Drs. Tschannen and Anderson share several best practices that can help you tailor pressure-injury prevention efforts to individual patients:
• Empowered nurses. You can’t underestimate the role nurses play is the prevention of pressure injuries, says Dr. Tschannen, who believes some prevention protocols don’t necessarily give OR nurses the autonomy they
need to successfully address the issue at the point of care. “They’re the ones who are there, doing the assessments and implementing the interventions,” she says.
• Thorough assessments. One of the primary ways to empower your nurses is to provide them with the right tools to conduct more thorough assessments that account for the broad range of factors that put patients at an increased risk
for a pressure injury. The assessment process is crucial, whether you use the Scott Triggers Scale, the CMUNRO scale or the PIPM. “Surgical patients are three times more likely to develop a pressure injury than non-surgical patients.
This in combination with the presence of multiple comorbidities or chronic conditions makes them 13 times more likely to develop an injury,” says Dr. Tschannen. “However, at many outpatient facilities, these additional risk
factors aren’t accounted for properly. What we’re trying to achieve is a more personalized predictive model.”
Simply looking at skin pressure and tissue profusion might not be enough, says Dr. Tschannen. “If you have a patient coming in for a procedure, are you capturing information around their comorbidities? Are you thinking about the type
of surgery and the amount of time they’ll be on the OR table? Are you thinking about padding potential pressure points to protect the skin?”
• Tailored interventions. By accounting for multiple risk factors, you’ll be able to preemptively react to mitigate patients’ pressure injury risk factors. One example Dr. Tschannen offers is the patient with an extremely
low BMI, which tends to get less focus than patients with high BMIs. “If a patient has a very low BMI, consider how you would pad that patient during the intraoperative phase to protect their bony prominences.” One caution
when it comes to padding patients: Avoid overdoing it. “Too much padding can increase the interface pressure or cause the body to be out of alignment,” says Dr. Anderson.
• Continual surveillance.

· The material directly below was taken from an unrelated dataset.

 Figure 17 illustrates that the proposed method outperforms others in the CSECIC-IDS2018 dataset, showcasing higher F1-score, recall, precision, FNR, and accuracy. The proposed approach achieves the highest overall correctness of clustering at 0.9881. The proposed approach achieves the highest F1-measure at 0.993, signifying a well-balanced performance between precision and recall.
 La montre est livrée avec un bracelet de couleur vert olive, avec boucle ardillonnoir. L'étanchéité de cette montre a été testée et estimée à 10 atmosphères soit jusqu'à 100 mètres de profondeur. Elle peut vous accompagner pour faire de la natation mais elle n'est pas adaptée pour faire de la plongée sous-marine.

After the initial preoperative assessment, nurses must continue to closely monitor patients through the remainder of the perioperative process. “Surveillance is one of the major interventions we
have at our disposal,” says Dr. Anderson. “It’s that ability to say, ‘OK, we’ve got a red spot developing on the skin there. We need to watch that.’”

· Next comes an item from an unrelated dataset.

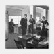 Ilustración vintage en blanco y negro de una escena de oficina empresarial típica con hombres de negocios, mujeres de negocios, hombres, mujeres y trabajadores administrativos realizando su monótona tarea diaria de papeleo y tareas administrativas en sus escritorios. Máquinas de escribir manuales, impresoras y máquinas de fax están en uso.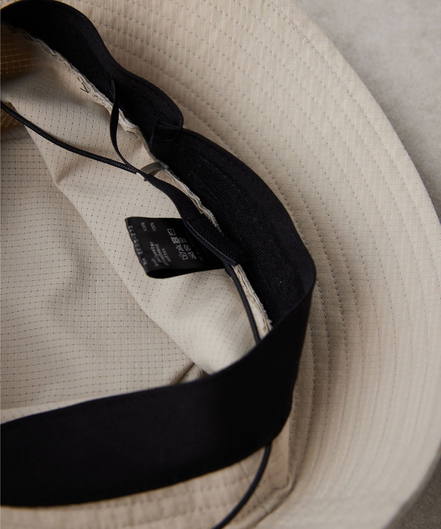 ナイロン素材のコード付きのブレードハット。ツバの後ろが少し長く首元を日差しからしっかりカバーしてくれます。内側がメッシュ生地になっているので夏場も蒸れず快適です。

Dr. Anderson also notes that increased surveillance is especially important given the higher rates of pressure injuries she’s seen stemming from medical devices. According to the Joint Commission in 2018, medical device-related pressure
injuries accounted for more than 30% of hospital-acquired pressure injuries. A major culprit: oxygen tubing. In fact, research shows that oxygen tubing placed around the ears has long been associated with pressure injuries. It’s an injury that occurs frequently enough to be referred to as a “bedsore of the ear,” so providers must make it a point to regularly check this pressure-injury-prone
area on their patients and be ready to intervene before the issue occurs.
The vast majority of pressure injuries are preventable.
— Dana Tschannen, PhD, RN
• Evidence-based guidance. Foam and gel-based positioning aids are readily available, but it’s important to use only products that meet evidence-based standards. “Just because a new positioning aid has been developed
by a company doesn’t mean it meets all proper standards,” says Dr. Anderson.
The standards and protocols for pressure injury prevention can also change over time, says Dr. Anderson, who recommends that surgical leaders regularly review their facilities’ protocols and keep up with what the experts’ best
practices. “You need to follow the evidence and adhere to standard recommended practices,” she says.